== Data excerpt
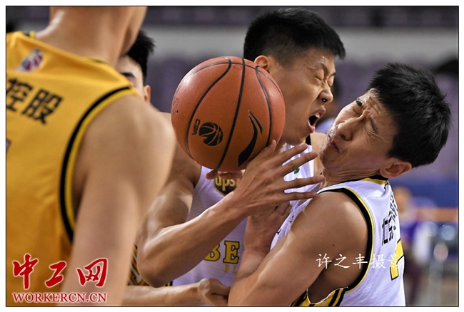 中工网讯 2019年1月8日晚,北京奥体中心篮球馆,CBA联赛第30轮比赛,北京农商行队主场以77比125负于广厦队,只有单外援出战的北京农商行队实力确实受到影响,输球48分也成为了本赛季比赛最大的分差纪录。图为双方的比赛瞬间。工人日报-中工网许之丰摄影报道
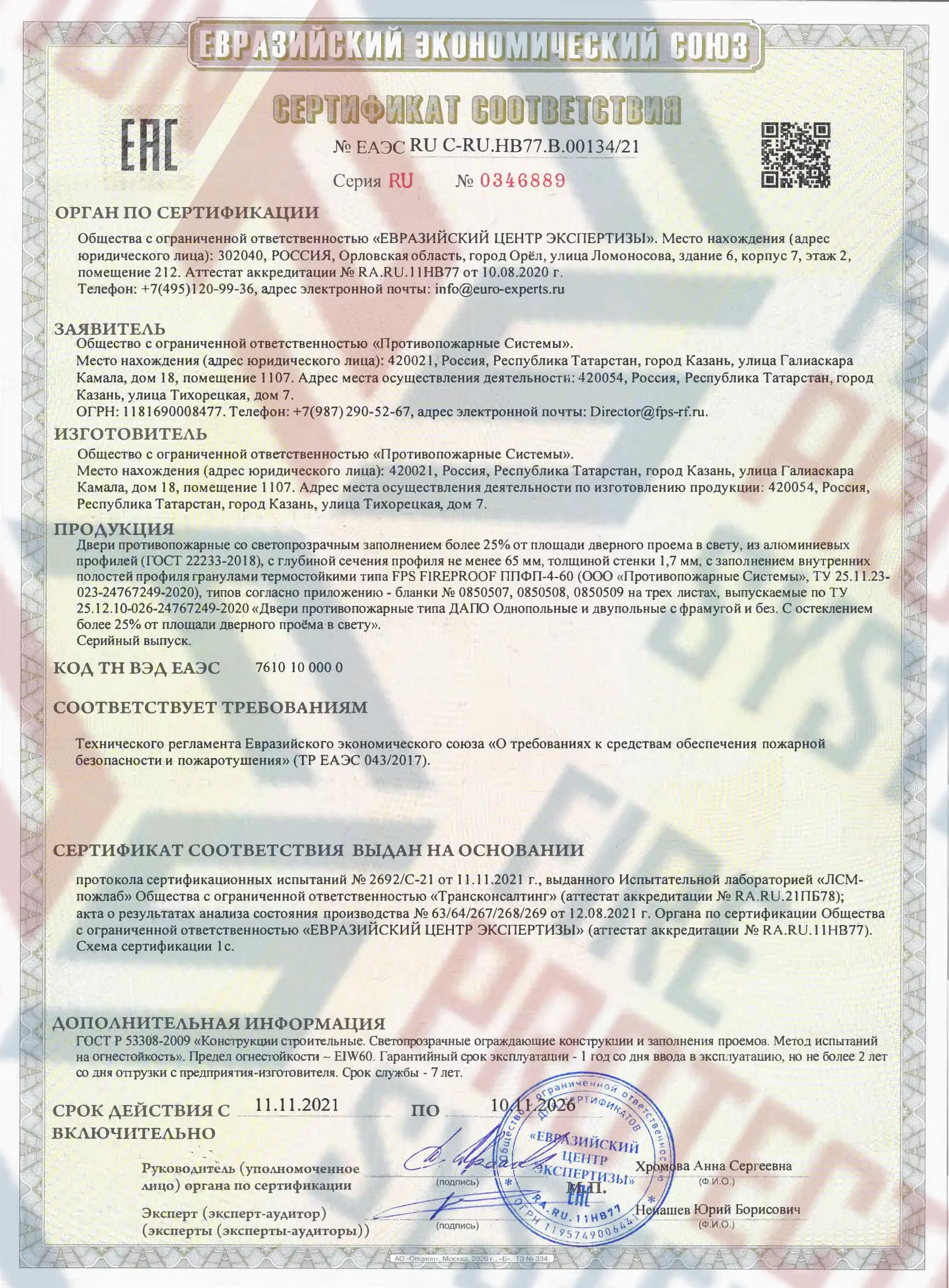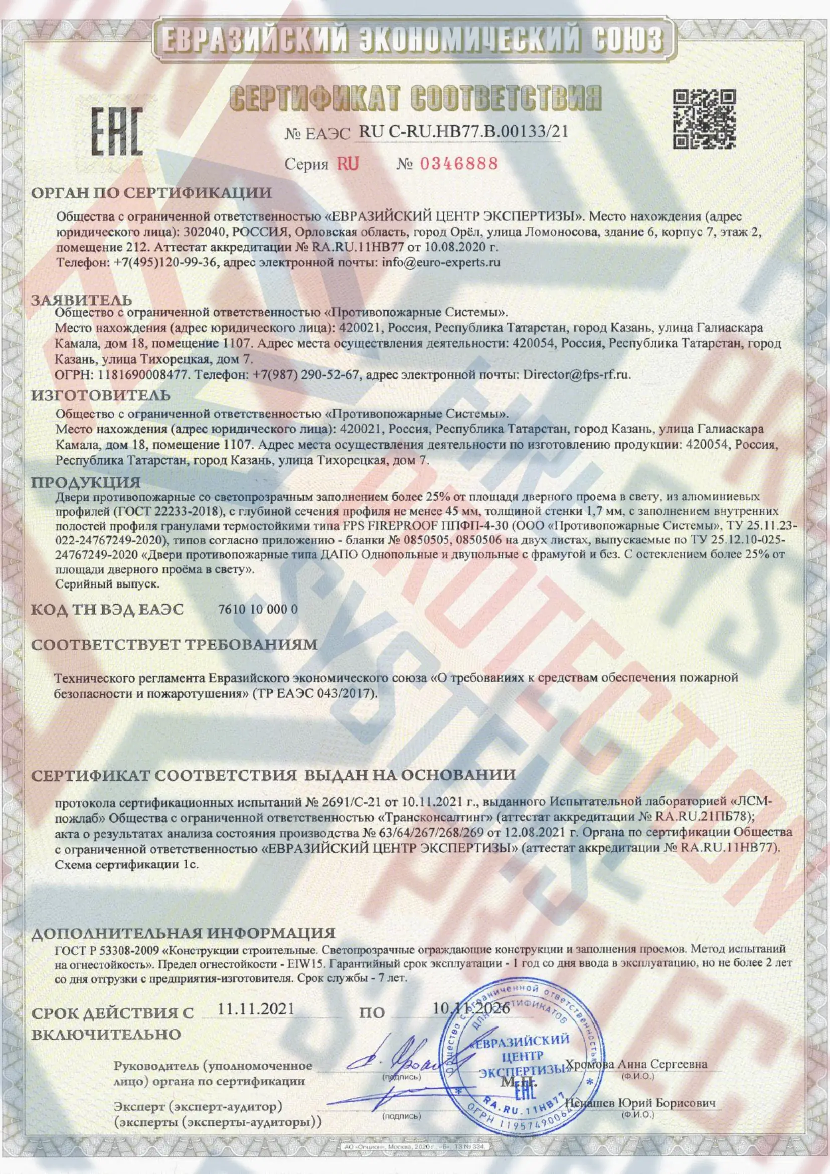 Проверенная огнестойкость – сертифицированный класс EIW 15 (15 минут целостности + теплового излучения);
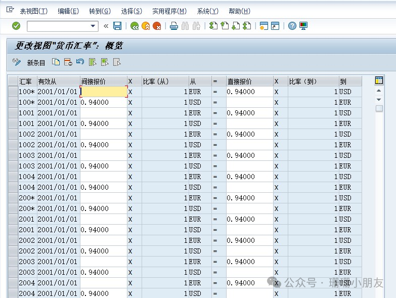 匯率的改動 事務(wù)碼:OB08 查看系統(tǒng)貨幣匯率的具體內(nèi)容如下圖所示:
====
What the task asks —
The data above must be given again in full and unaltered, minus its images.

Answer section —
 中工网讯 2019年1月8日晚,北京奥体中心篮球馆,CBA联赛第30轮比赛,北京农商行队主场以77比125负于广厦队,只有单外援出战的北京农商行队实力确实受到影响,输球48分也成为了本赛季比赛最大的分差纪录。图为双方的比赛瞬间。工人日报-中工网许之丰摄影报道
 Проверенная огнестойкость – сертифицированный класс EIW 15 (15 минут целостности + теплового излучения);
 匯率的改動 事務(wù)碼:OB08 查看系統(tǒng)貨幣匯率的具體內(nèi)容如下圖所示:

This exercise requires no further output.